Assigned task
Give every line of the material back exactly, images removed.

Exercise data

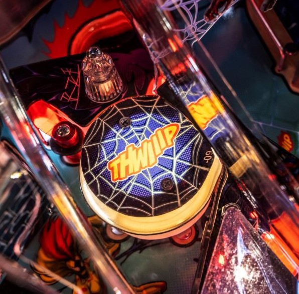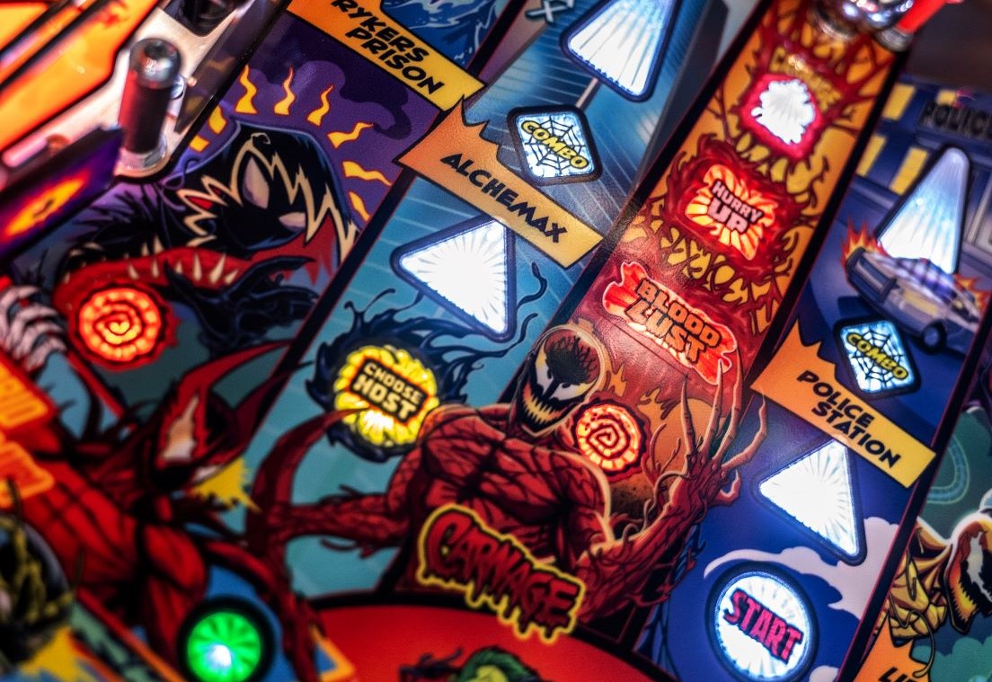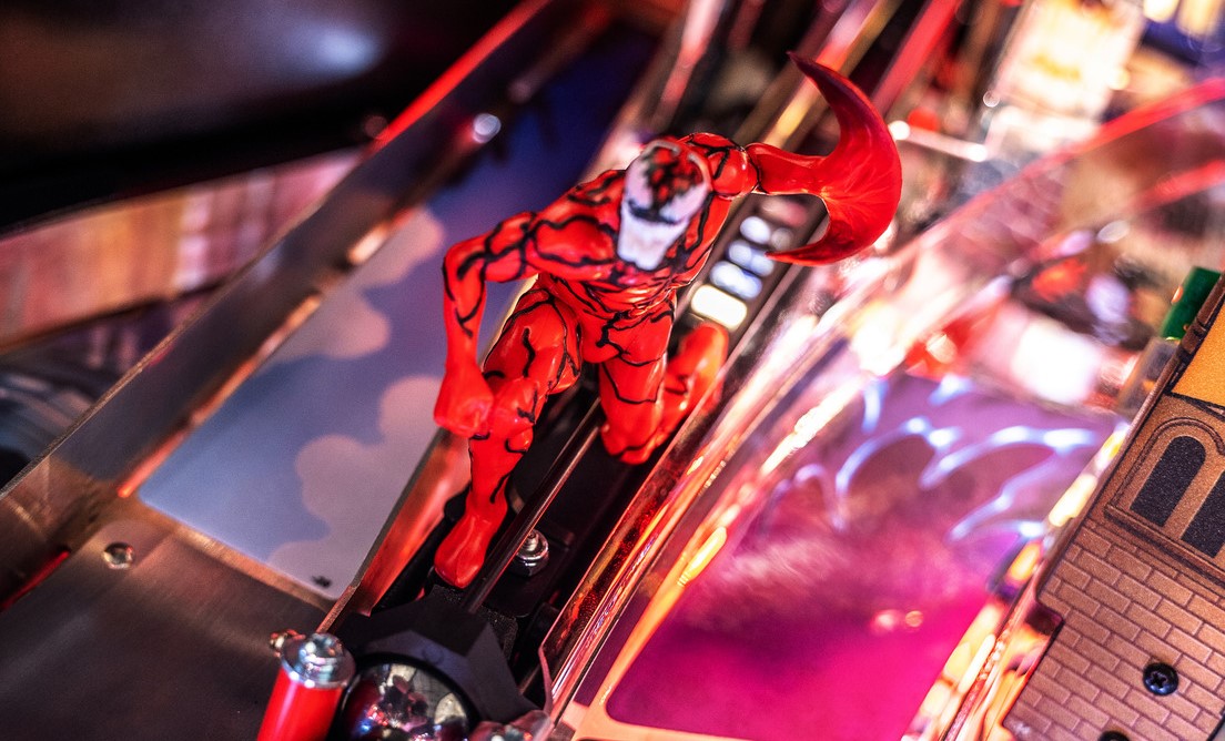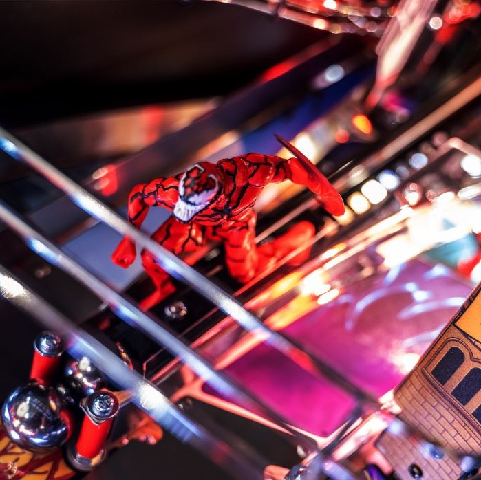 As you play, the Carnage Bash Toy comes into play, demanding your full attention and skill. The malevolent symbiote adversary will test your pinball prowess, responding dynamically to your shots and keeping you on your toes with its unpredictable movements. This Carnage Bash Toy is not just a static element on the playfield; it reacts to your every shot, each hit will send Carnage into a frenzy, pushing the limits of the pinball machine’s mechanics.
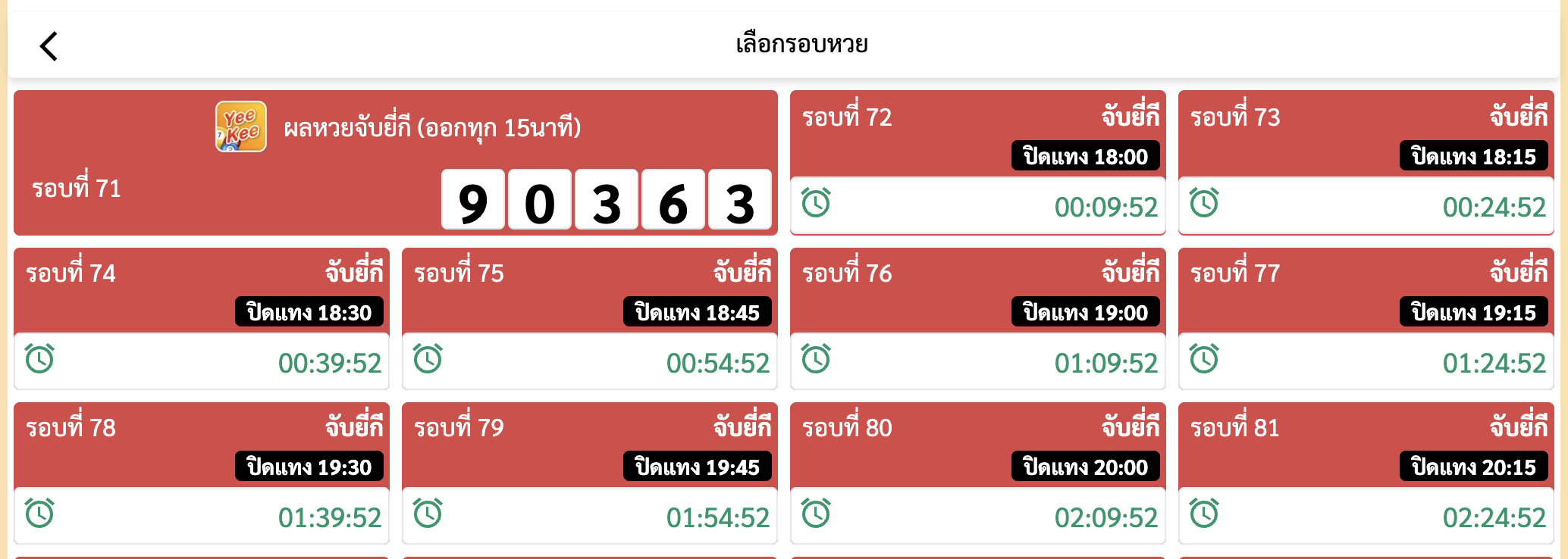 - หวยจับยี่กี ธรรมดา รอบละ 15 นาที ส่วน หวยจับยี่กี 5G รอบละ 5 นาที
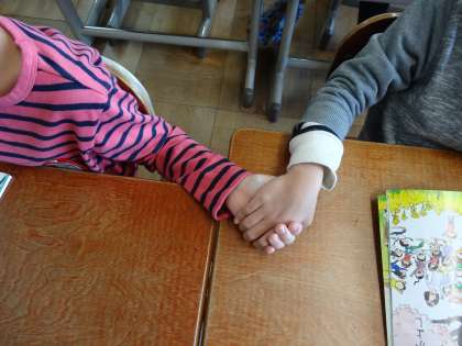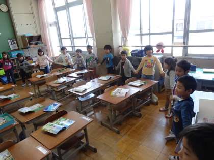 参観日の次の時間は,教科書の詩の「つながる」と「まるくなる」を実際に教室で演じてみました。
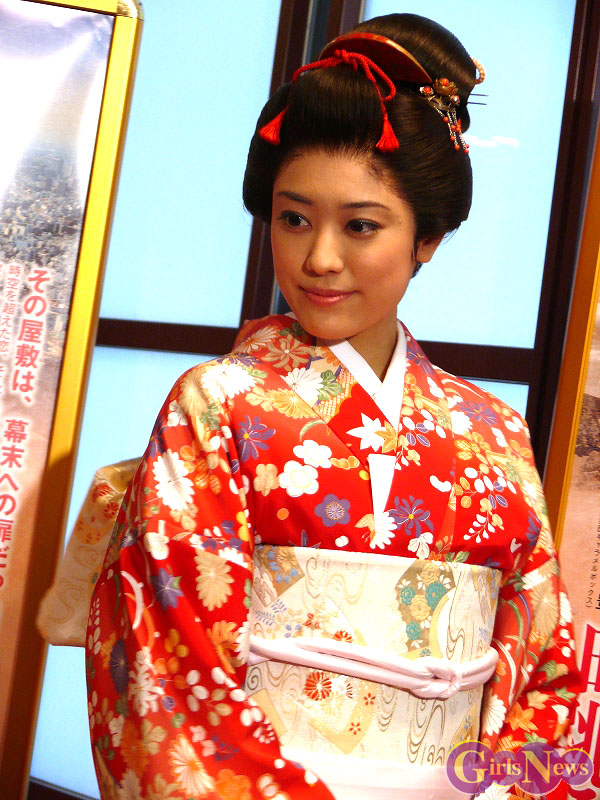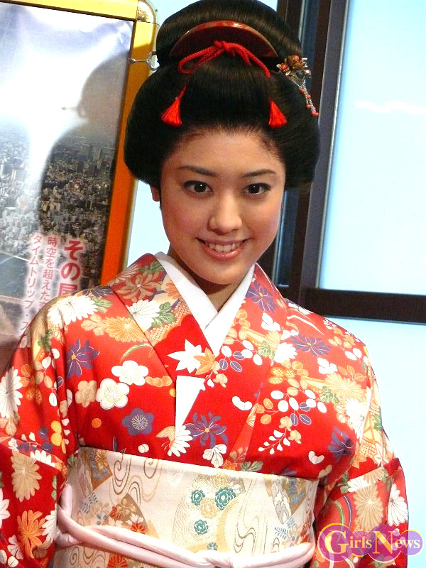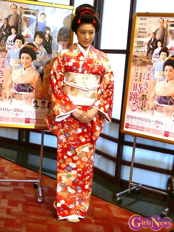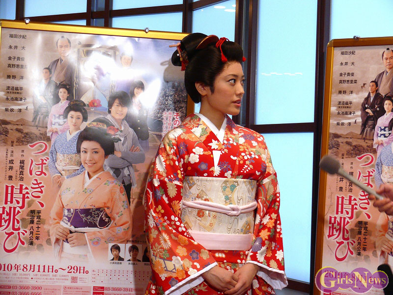 8月10日(水)東京都、日本橋の明治座にて、福田沙紀さんが座長を務める舞台「つばき、時跳び」の公演を前に、衣装で会見を行なった。
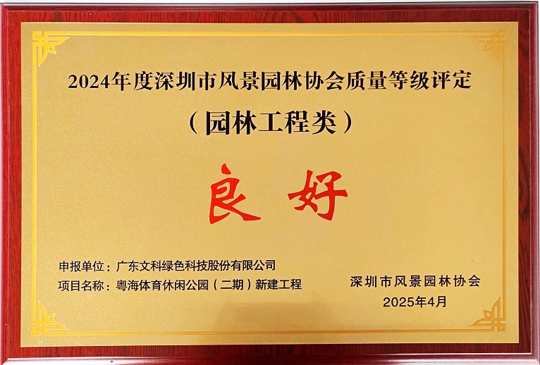 近日,2024年深圳市风景园林协会质量等级评定(园林工程类)结果出炉,3044永利荣获两优一良的佳绩。
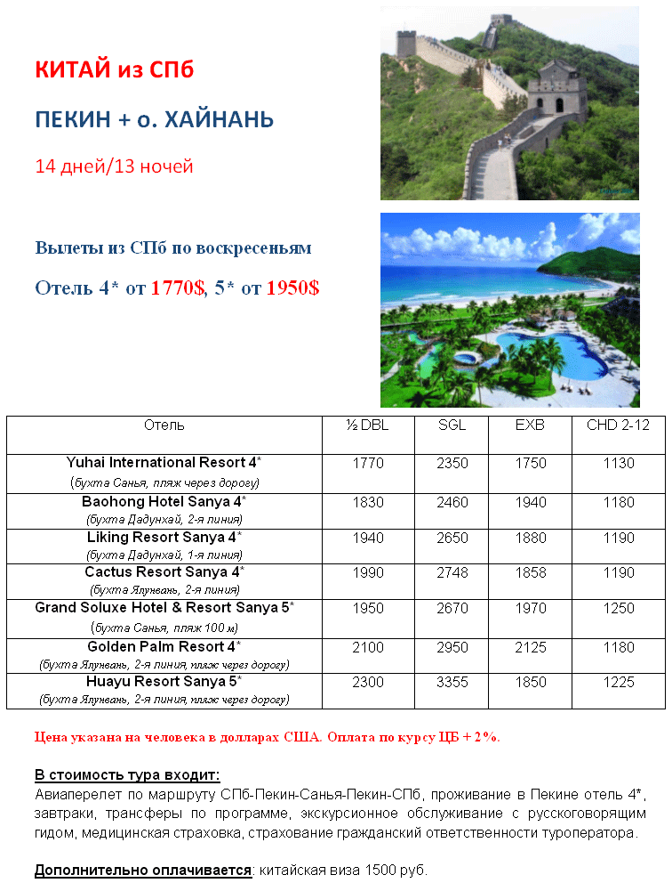 03 Окт 2013 03:52:23 КИТАЙ Пекин-Хайнань 14д/13н из СПб от фирмы ПРОТРЕВЭЛ
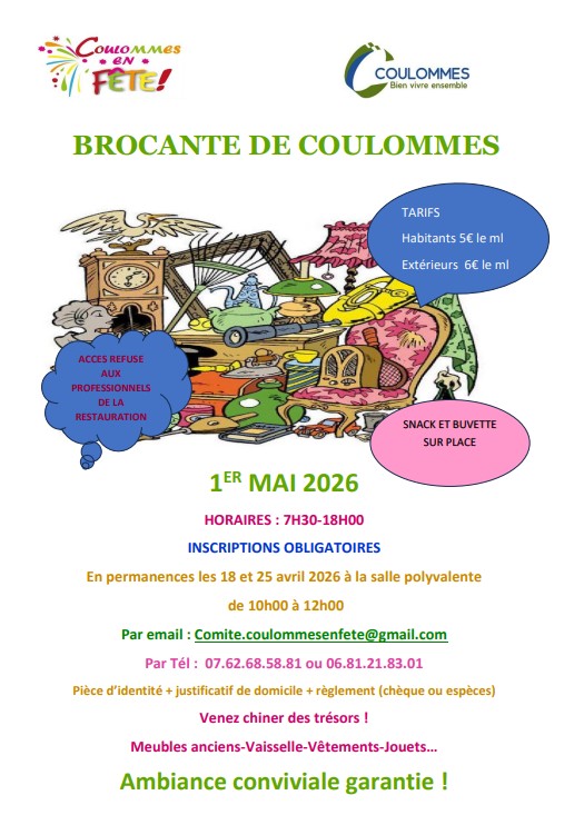 📢 Une brocante à Coulommes le 1er Mai 2026 27/03/2026 Les réservations commencent le 18 avril en salle polyvalente.

Reply to the task
 As you play, the Carnage Bash Toy comes into play, demanding your full attention and skill. The malevolent symbiote adversary will test your pinball prowess, responding dynamically to your shots and keeping you on your toes with its unpredictable movements. This Carnage Bash Toy is not just a static element on the playfield; it reacts to your every shot, each hit will send Carnage into a frenzy, pushing the limits of the pinball machine’s mechanics.
 - หวยจับยี่กี ธรรมดา รอบละ 15 นาที ส่วน หวยจับยี่กี 5G รอบละ 5 นาที
 参観日の次の時間は,教科書の詩の「つながる」と「まるくなる」を実際に教室で演じてみました。
 8月10日(水)東京都、日本橋の明治座にて、福田沙紀さんが座長を務める舞台「つばき、時跳び」の公演を前に、衣装で会見を行なった。
 近日,2024年深圳市风景园林协会质量等级评定(园林工程类)结果出炉,3044永利荣获两优一良的佳绩。
 03 Окт 2013 03:52:23 КИТАЙ Пекин-Хайнань 14д/13н из СПб от фирмы ПРОТРЕВЭЛ
 📢 Une brocante à Coulommes le 1er Mai 2026 27/03/2026 Les réservations commencent le 18 avril en salle polyvalente.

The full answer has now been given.